Walter T. Kelley sells foundationless frames. I am going to be using them next season.

I don't know if I would have the patience to make my own frames.


----------



## EastSideBuzz (Apr 12, 2009)

David LaFerney said:


> For everyone with the "frames are too cheap to build" thing going on - I need to outfit 40 new supers for next year, and I have the time in the winter, and access to cheap or free wood. And It keeps me from going stir crazy. So for me, they aren't too cheap to build.

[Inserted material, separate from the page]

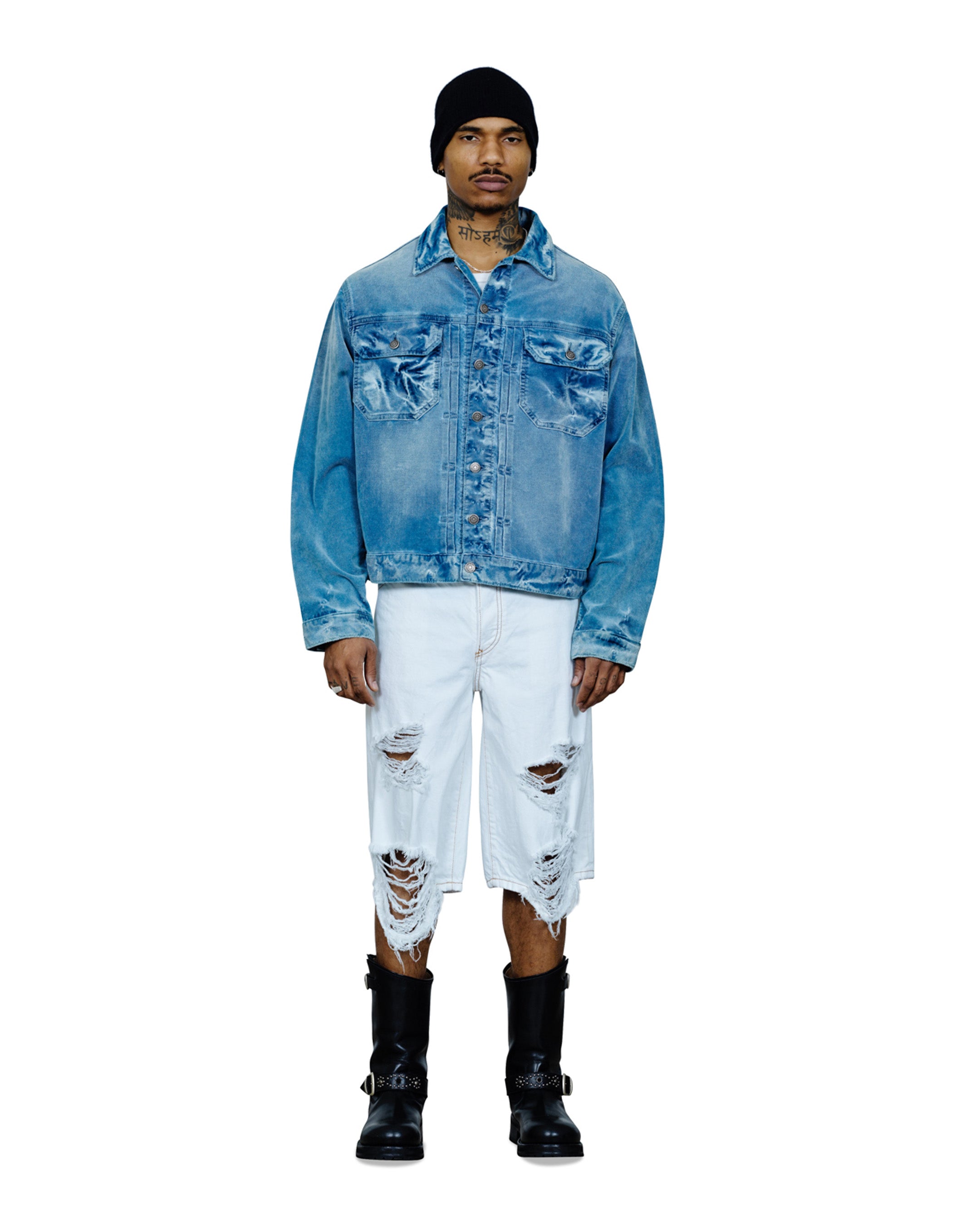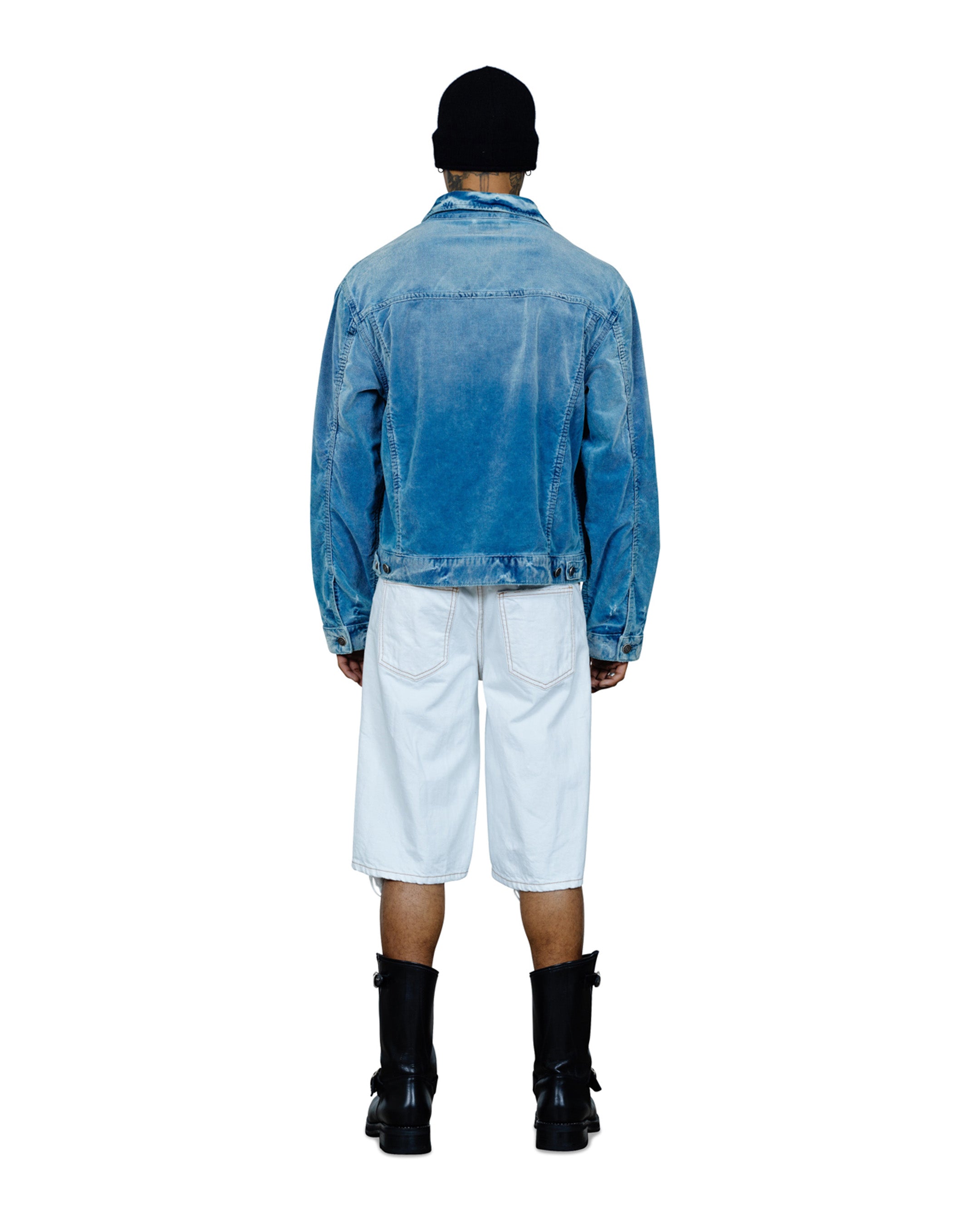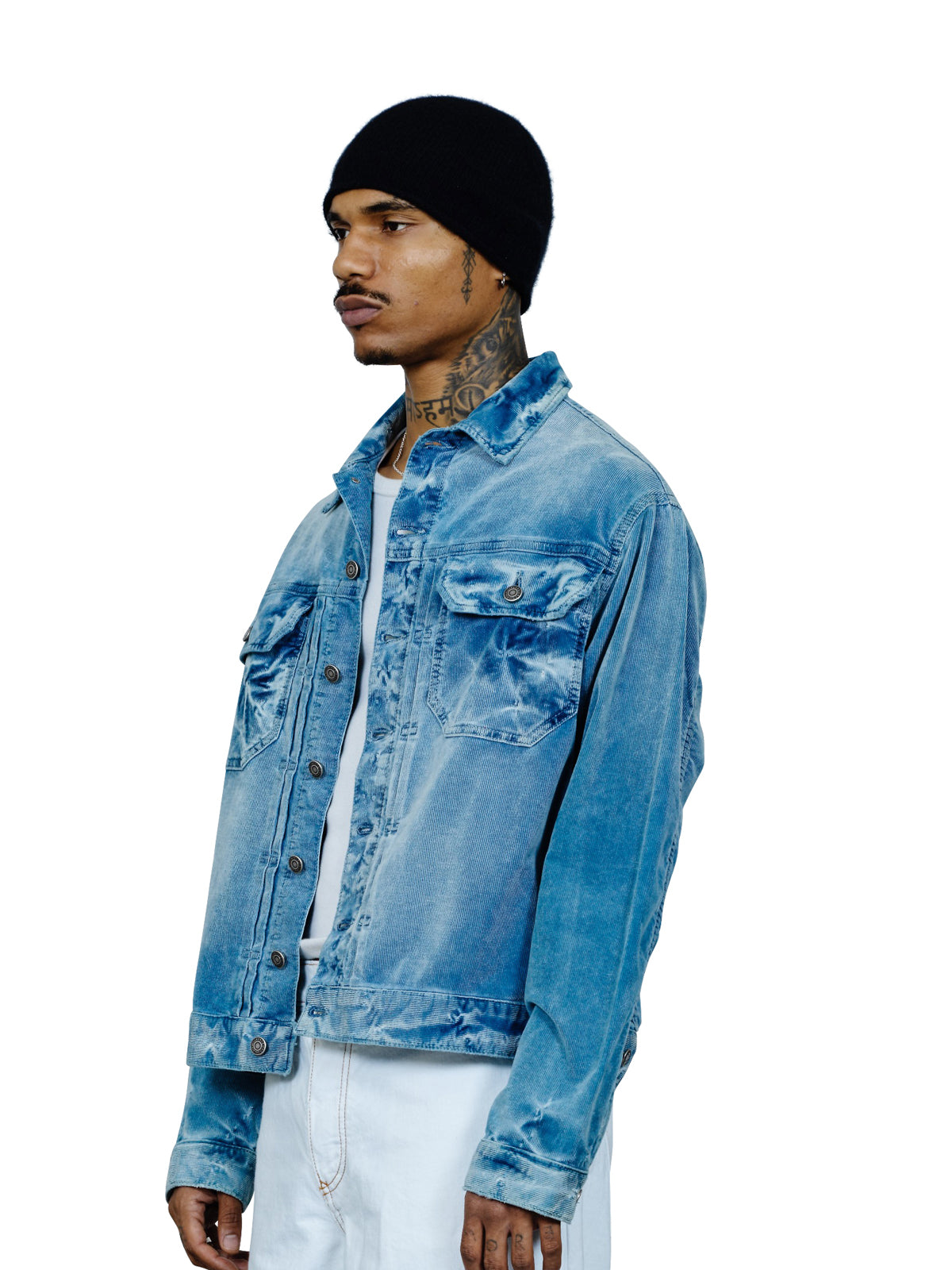 Otto Indigo Cord Jacket, crafted from a premium blend of 98% cotton and 2% elastane for a comfortable fit with a touch of stretch. Featuring a rich indigo hue and a classic corduroy texture for timeless sophistication. Made in the USA.

So did you do a block notched and then cut the frame sides out of that.? Or do you notch each one.?


----------



## David LaFerney (Jan 14, 2009)

I cut the profile into wide blocks (2x6 or up) and then rip them into finished pieces - Sides and top bars. The key is to do a LOT at one time so you get the most out of your equipment setups.


----------



## EastSideBuzz (Apr 12, 2009)

What wood are you using.? Was thinking of using Doug fir from the construction sites. Or the Pine trim they throw away.


----------



## David LaFerney (Jan 14, 2009)

That's what I've used so far, and it's probably fine if you cull top bars that have bad knots - especially near the ends.


----------



## Kingfisher Apiaries (Jan 16, 2010)

Very nice and sturdy design, where did you get the plans? 

Mike


----------



## David LaFerney (Jan 14, 2009)

No plans, but I made the ends and top bars so that they would inter change with the Kelly frames that I started out with, but be as simple as possible to make. 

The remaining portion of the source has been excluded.